La sierra no tiene muros, no tiene parcelas: para conocer sus lindes hay que guiarse por esa misma escritura, e ir buscando por el monte unas piedras con unas cruces que dibujan una línea imaginaria. Las tierras que quedan dentro son nuestros montes, los de cualquiera que encienda el calor de un hogar aquí. Los montes de nadie que son montes para un nosotros.
Escribe Antonio Orihuela en Libro de las derrotas que «todos los mapas están llenos de señales que indican otros tantos caminos. Las cosas no tienen por qué ser como son –dice–, el mundo puede ser rehecho, nuevo y distinto, tal vez no todas las miguitas de pan hayan sido comidas por los pájaros, tal vez no todas las puertas hayan sido atrancadas, tal vez aún queden héroes en zapatillas que quieran aventurarse a encontrar el tesoro, el gran tesoro que jamás contuvo moneda alguna».
Noelia y Judith, mis primas, le regalaron a su padre, al Juan de la Flora, una brújula para que subiera a la sierra a buscar las señales de ese mapa de caminos abiertos, de migas de pan. Con la escritura en la mano y la transcripción contemporánea que descifra el habla antigua, la letra embadurnada por los siglos, buscó la primera piedra de un tesoro que no contiene monedas, aunque sí riquezas. Una material, sin duda, que son las tierras del común, pero también el tesoro inmaterial de ese humo que sale de su chimenea en una aldea donde apenas quedan dos hogares humeando, un lugar vaciado de gentes pero no de sentido. El tesoro inmaterial de nuestro relato inscrito en el paisaje y del cuerpo hecho memoria. El tesoro inmaterial de nuestra existencia colectiva.

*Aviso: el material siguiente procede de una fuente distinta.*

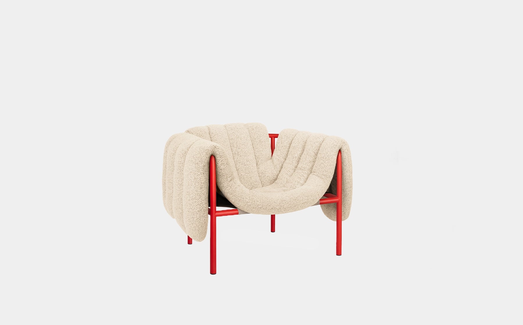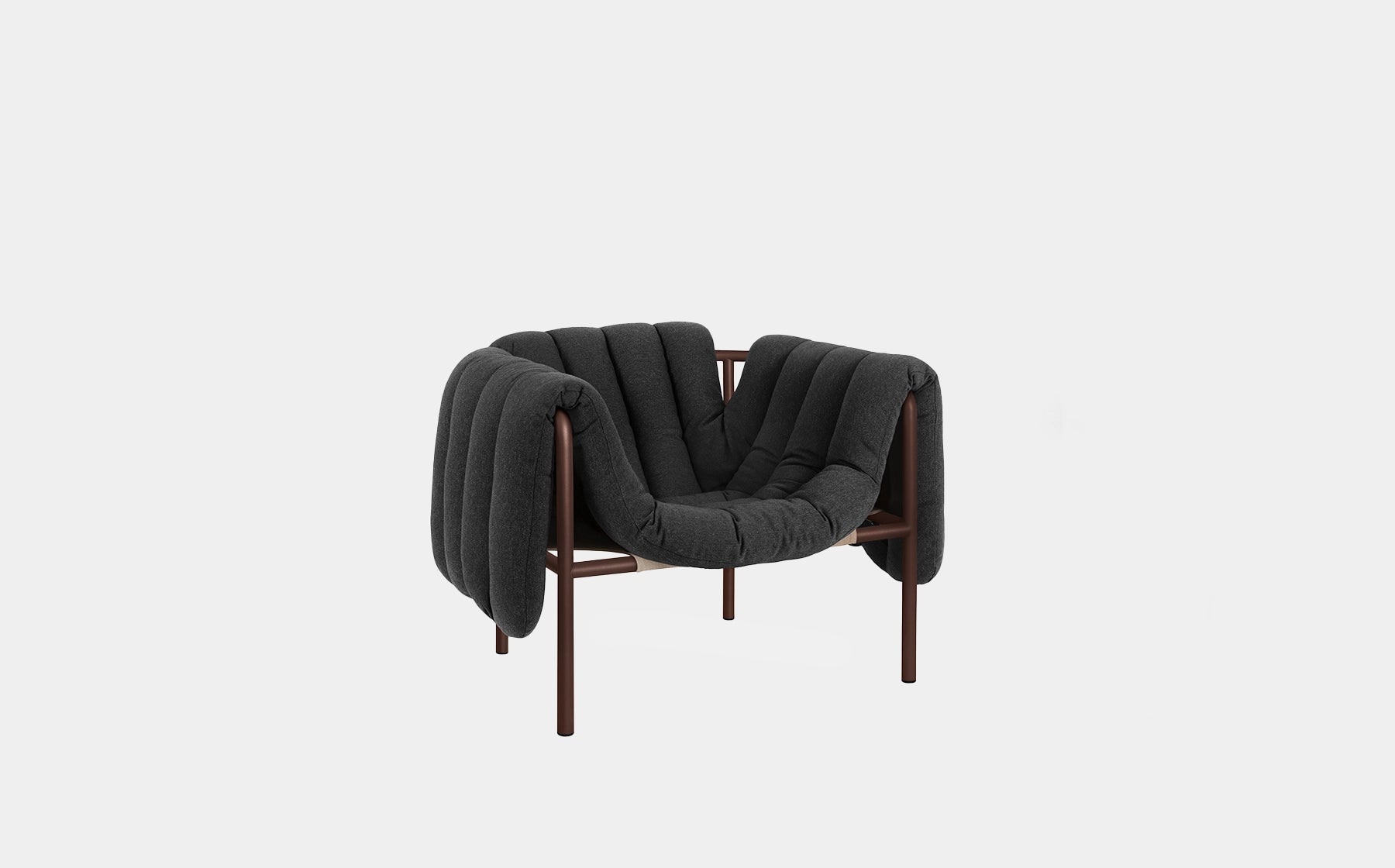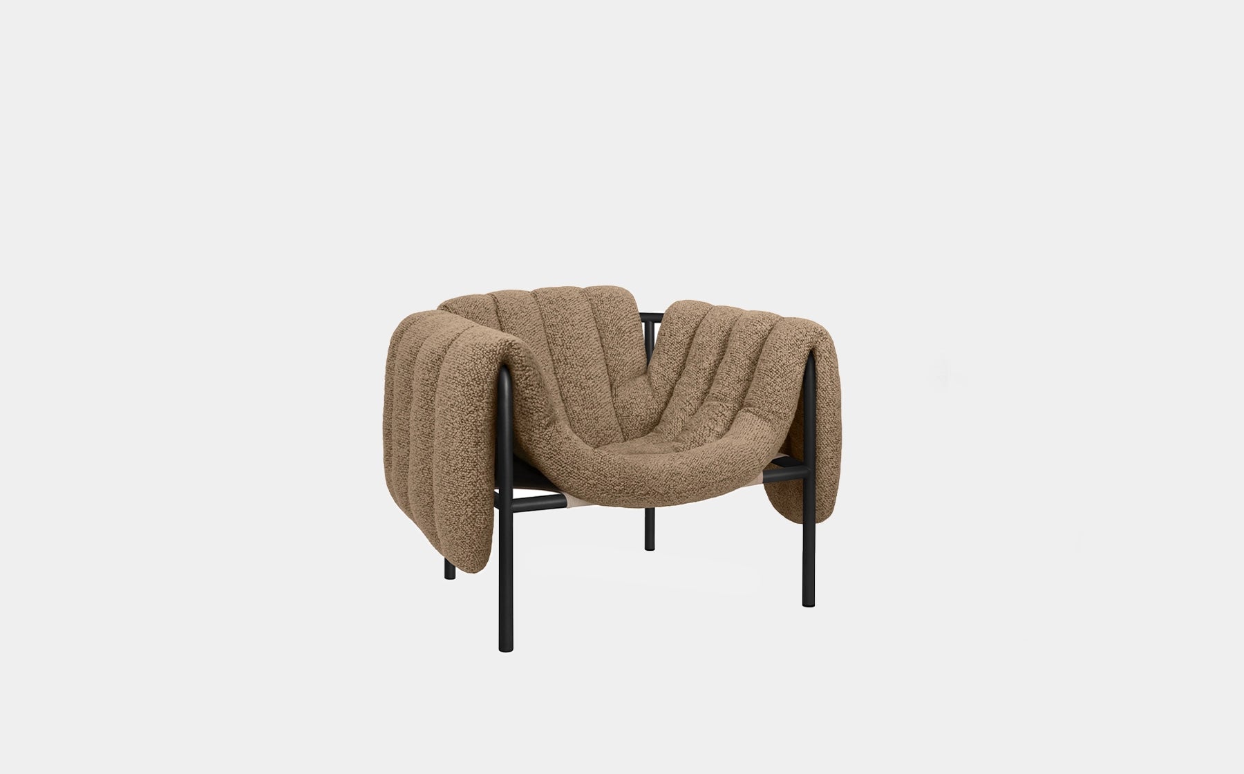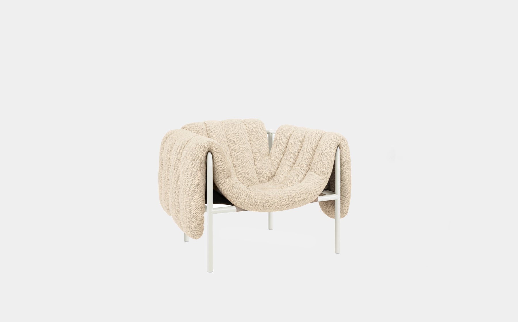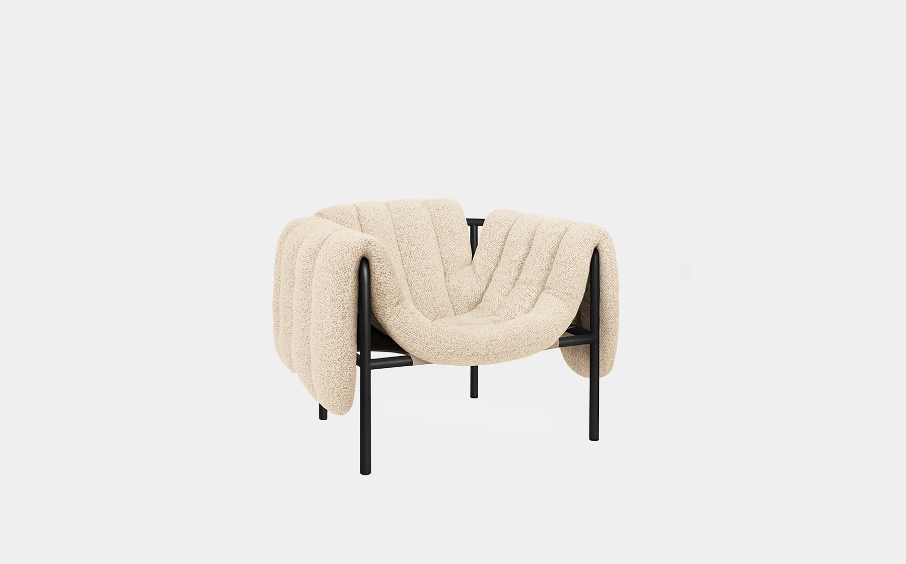 The detachable upholstery of the Puffy Lounge Chair is fat and plump, its generous shape spills freely over the sides of a tubular steel frame which, in stark contrast, is hard-lined and strong. The two key elements of this seating design by Faye Toogood are in purposeful and playful juxtaposition. The elementary frame is inspired by the rational structure of classic modernist design, whilst the extravagant quilt-like upholstery warmly embraces and envelopes, is comforting and reassuring. The Puffy Chair frame is available in powder-coated or sand-blasted steel finishes and a choice of thick canvas, chunky bouclé or luxurious leather upholstery.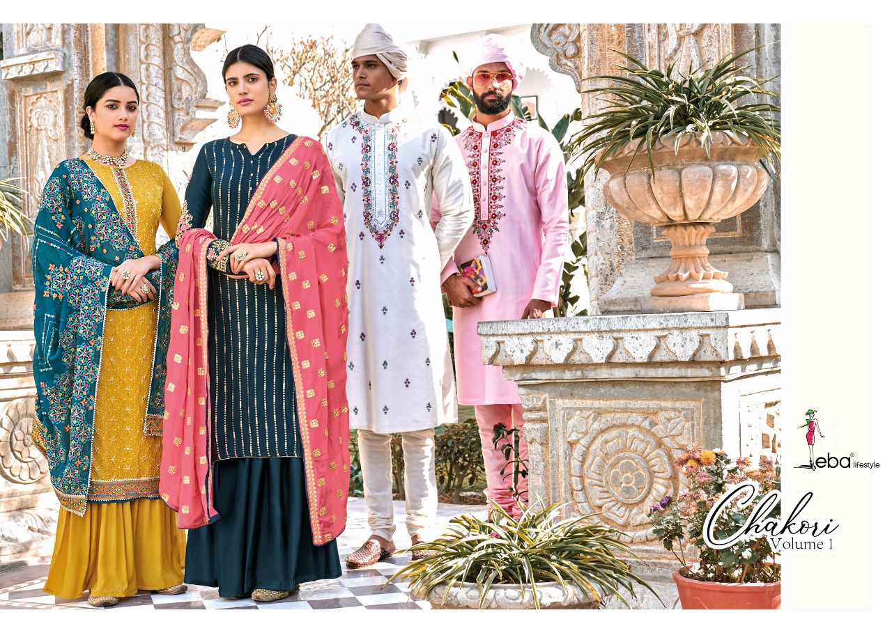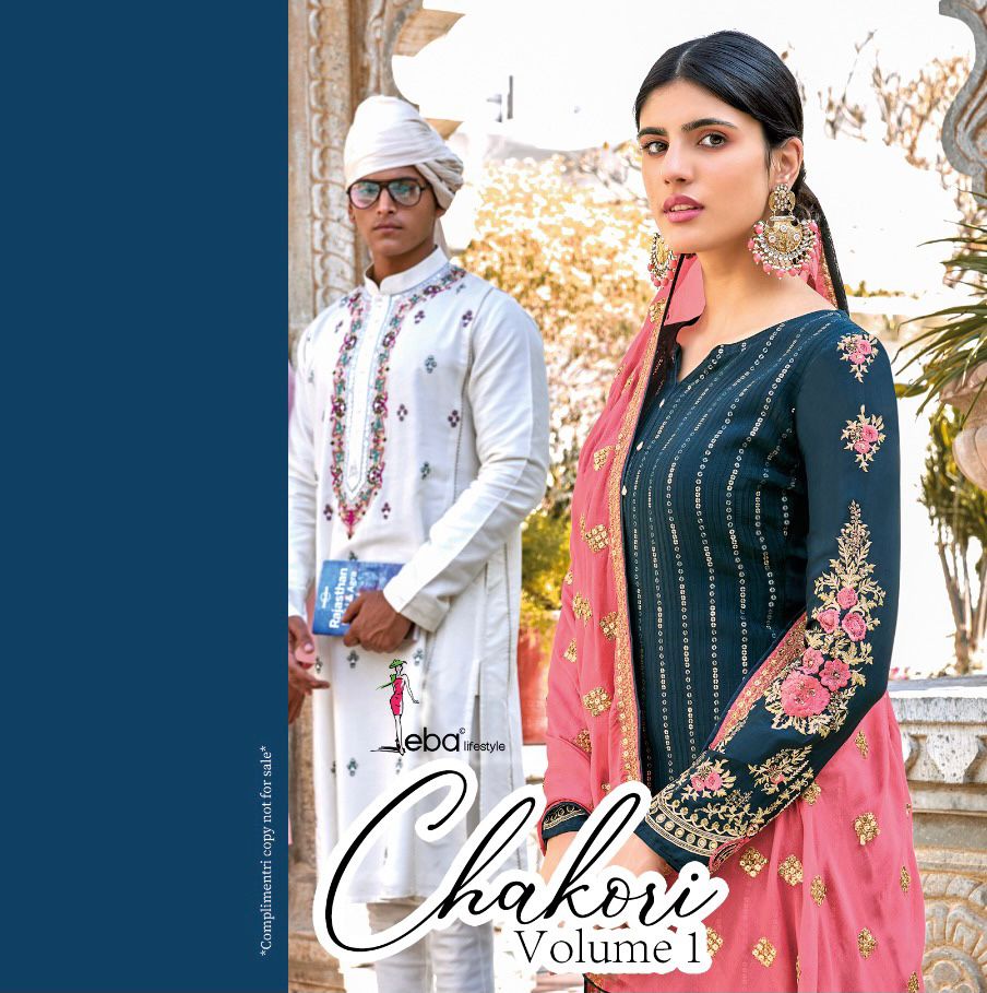 *Hello dear customer* eba lifestyle present new volume *Chakori - vol - 1* Febric - *Top - Heavy Chinon with hevey embroidery* *Duppta- Chinon with hevey emboidery work* Bottom & inner- dual santoon *PRICE 1699/-* gst extra Set to set Regard by eba lifestyle surat |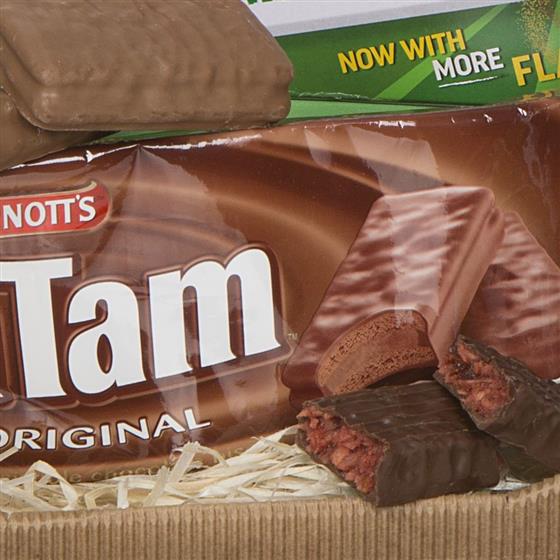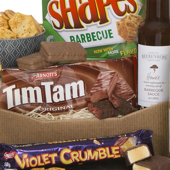 Wolf Blass Eaglehawk Chardonnay 75cl,Arnotts Barbecue Shapes 175g,AUS Arnotts Tim Tam Choc Biscuits 200g,Beerenberg Barbeque Sauce 300ml,Cherry Ripe 52g,Nestle Violet Crumble 50g,OPEN DISPLAY BOX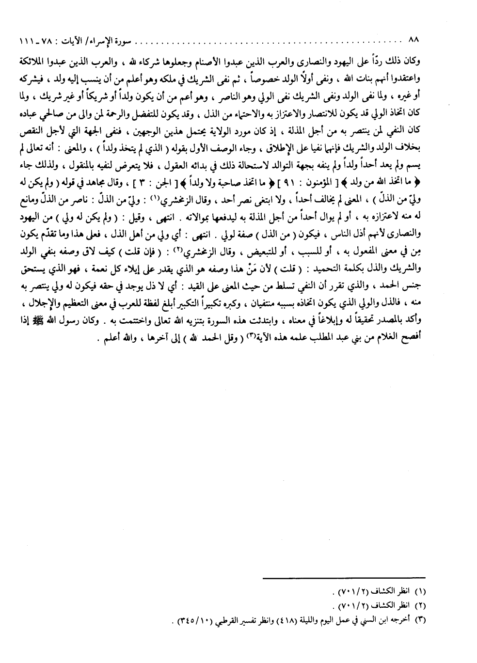 وكان ذلك ردّاً على اليهود والنصاري والعرب الذين عبدوا الأصنام وجعلوها شركاء لله ، والعرب الذين عبدوا الملائكة واعتقدوا أنهم بنات الله . ونفي أولاً الولد خصوصاً ثم نفي الشريك في ملكه وهو أعم من أن ينسب إليه ولد فيشركه أو غيره ، ولما نفي الولد ونفي الشريك نفي الولي وهو الناصر ، وهو أعم من أن يكون ولداً أو شريكاً أو غير شريك . ولما كان اتخاذ الولي قد يكون للانتصار والاعتزاز به والاحتماء من الذلَّ وقد يكون للتفضل والرحمة لمن وإلى من صالحي عباده كان النفي لمن ينتصر به من أجل المذلة ، إذ كان مورد الولاية يحتمل هذين الوجهين فنفي الجهة التي لأجل النقص بخلاف الولد والشريك فإنهما نفياً على الإطلاق . وجاء الوصف الأول بقوله ) الَّذِى لَمْ يَتَّخِذْ وَلَدًا ( والمعنى أنه تعالى لم يسم ولم يعد أحداً ولداً ولم ينفه بجهة التوالد لاستحالة ذلك في بدائه العقول ، فلا يتعرض لنفيه بالمنقول ولذلك جاء ما اتخذ الله من ولد ما يتخذ صاحبة ولا ولداً .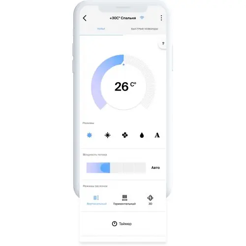 - Управление режимом работы кондиционера (охлаждение, обогрев, вентиляция, осушение, авто-режим)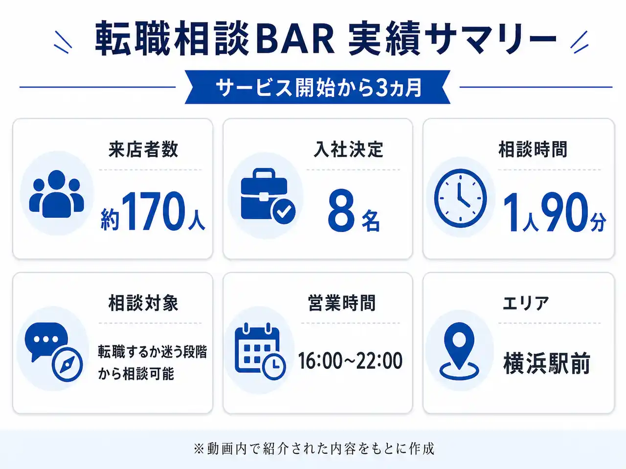 転職相談BARは、コンセプトの面白さだけでなく、事業としての成立感も見え始めています。 |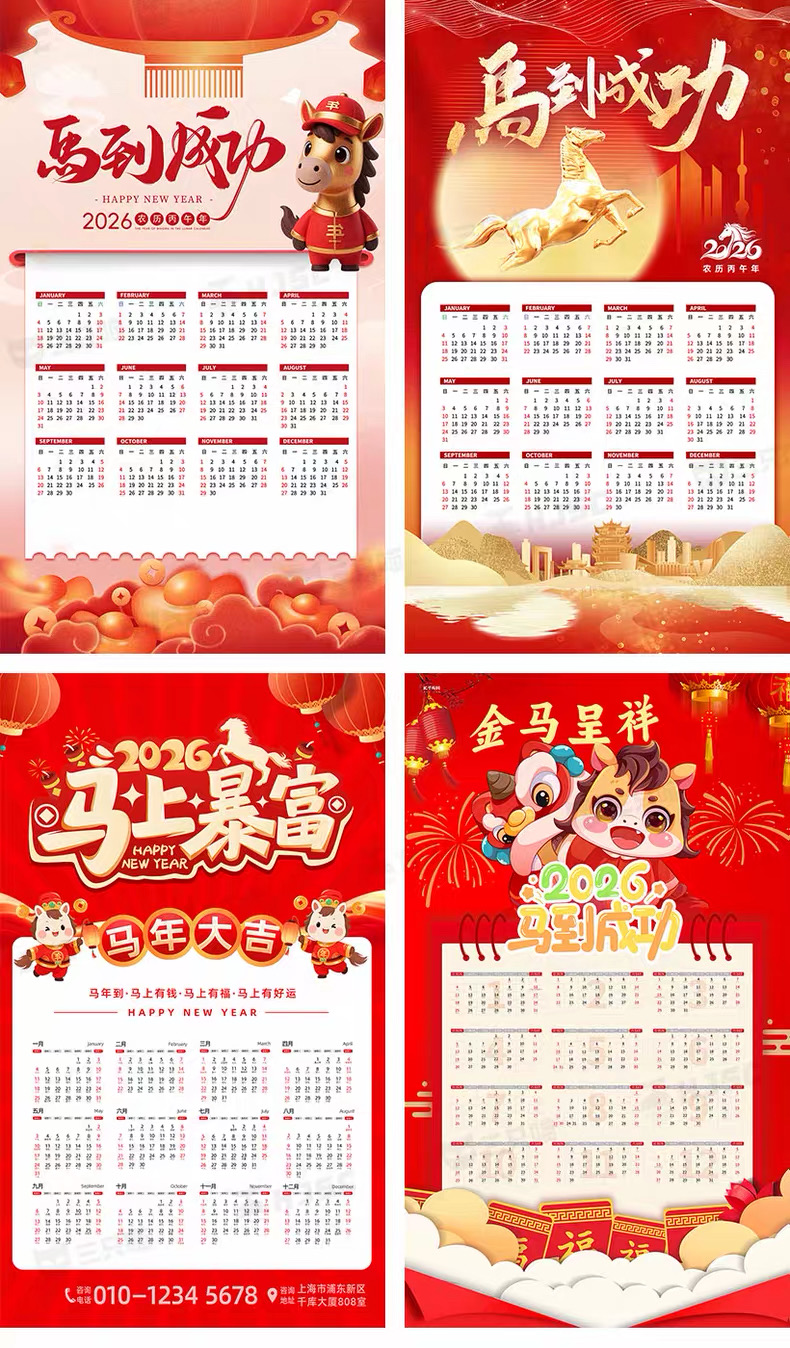 houqizxs2 设计模板 2026-01-11 2026马年新年春节金马贺岁日历月历挂历海报PS设计素材模版PSD 格式:PSD 数量:36 为你提供最新、最优质的视频\摄影\设计后期资源!助你快速成长为后期大神!后期自修室 » 2026马年新年春节金马贺岁日历月历挂历海报PS设计素材模版PSD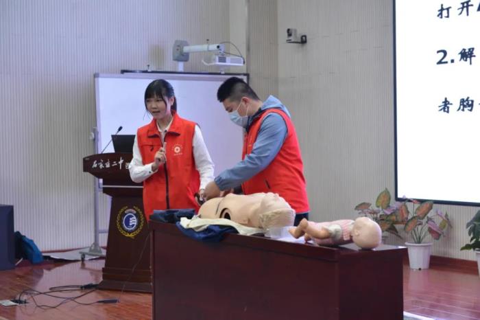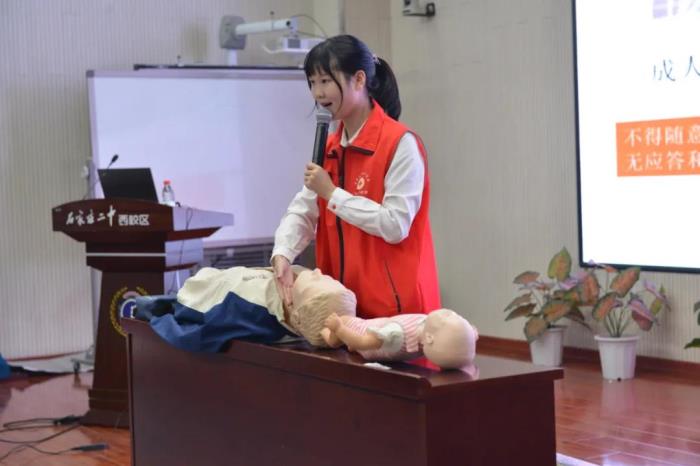 为了普及应急救护常识,建设平安校园,我校于4月13日在报告厅开展了校园急救知识培训讲座。讲座由石家庄市红十字应急救护核心培训师沙亚云主讲。沙女士是我校校友,曾获得河北省红十字应急救护大赛第一名、全国红十字应急救护大赛创伤技能操作操作第三名等荣誉。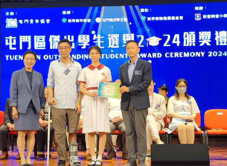 Our F.5 student Alice Lam Wan Chi got the Merit Award in the Tuen Mun Outstanding Student Election 2024.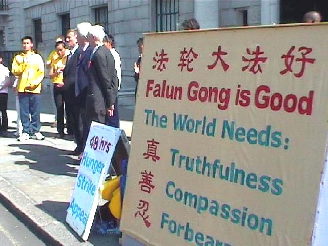【明慧网2002年8月17日】8月14日晚,英国大法学会在伦敦中使馆前召开新闻发布会,呼吁英国社会关注目前在香港发生的对以所谓“阻街罪”遭起诉的16名法轮功学员的政治。英国议会议员考顿女士、前英外交官瑟罗勋爵、莫恩勋爵、欧洲法轮功之友副主席约翰、英国法轮功学会主席彼德在新闻发布会上分别发表演讲,共同谴责港府屈从中共压力颠倒是非,提醒国际社会──江氏集团对法轮功的迫害已延伸至香港,假手香港警方扼杀及伤害本地的人权和法治。英国部分大法弟子参加了这次活动。英国BBC的两名记者跟踪采访了整个活动。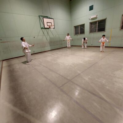 続いてボディ打ち。打たれ強さの稽古です!逃げるのでは、なく耐える稽古です。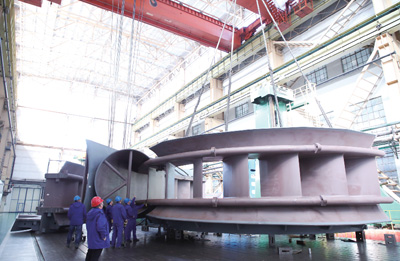 日前,哈電集團(tuán)哈爾濱電機(jī)廠有限責(zé)任公司車間里一派忙碌的生產(chǎn)場景,工人們?nèi)硇牡赝度氲桨Q灘、豐寧、兩河口等國家重大水電項目產(chǎn)品生產(chǎn)中。圖為該公司職工在生產(chǎn)世界單機(jī)容量最大白鶴灘水電機(jī)組1/2瓣座環(huán)組合。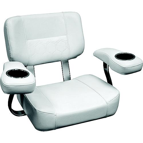 Oversized padded armrests w/ dual stainless drink holders Heavy duty, anodized arm & back support bracketsCompression foam paddingHeavy-duty 28 oz marine grade vinylUV treated and mildew resistantIncludes universal mounting plateSitting Depth: 16"Sitting Width: 16"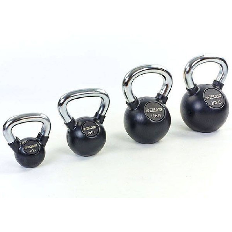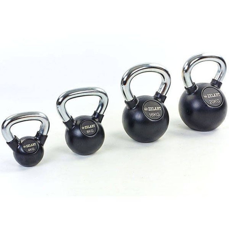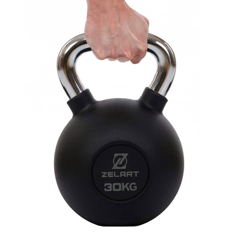 Гиря чавунна з гумовим покриттям та хромованою ручкою Zelart 30кг, чорний, код: TA-7794-30-S52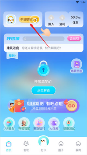 2、每日完成记饮食、记运动、记体重打卡任务即可获得呼啦值;

Es 31 de octubre de 1512 y estamos en Roma. Subido sobre un andamio que él mismo ha construido para salvar el desnivel de veinte metros respecto al suelo, sin ducharse (dicen) desde hace un montón de tiempo y casi ciego por la pintura que se le mete en los ojos, Miguel Ángel está a punto de concluir los frescos de la Capilla Sixtina, que ha hecho de mala gana pues le han quitado tiempo para la escultura, eso que considera su verdadero trabajo. A lo largo de 460 metros cuadrados, despliega profetas y sibilas de colores vibrantes y sitúa el Génesis en el centro mismo de la obra: la creación de la humanidad, su relación con lo divino y la expulsión del Paraíso, final y principio al mismo tiempo. El fresco de la expulsión recoge, de hecho, dos escenas en una: la primera, Eva aliándose con la serpiente para comer la fruta prohibida – cayendo en la tentación, se dice a menudo, aunque también podríamos estar ante un acto primigenio de desobediencia y autonomía–; la segunda, Adán y Eva saliendo del Paraíso, castigados; la causa y la consecuencia. Ganarás el pan con el sudor de tu frente por haber comido del árbol prohibido, que es el árbol del saber, la fruta del conocer tanto el bien como el mal. Cabizbajos, constreñidos, con una mueca de angustia en la cara, de dolor, también de enfado, la pareja originaria, el primer padre y la primera madre según las religiones del Libro, salen del límite del fresco hacia el mundo terrenal. Van marcados ya para siempre con el estigma indeleble del pecado original que heredarán sus hijos e hijas y los hijos e hijas de sus hijos e hijas hasta el día futurísimo del Juicio Final. Estigma indeleble como el amor de madre, indeleble como la pertenencia a la tierra que te vio nacer, como las manchas de aceite o de vino en el mantel, todas esas indelebilidades. El pecado original no se redime, no se limpia, no se cura: naces en él y lo transmites. Y al ser constitutivo, tienes dos posibilidades: vivir con él o vivir contra él. Pero ya nunca habrá un afuera.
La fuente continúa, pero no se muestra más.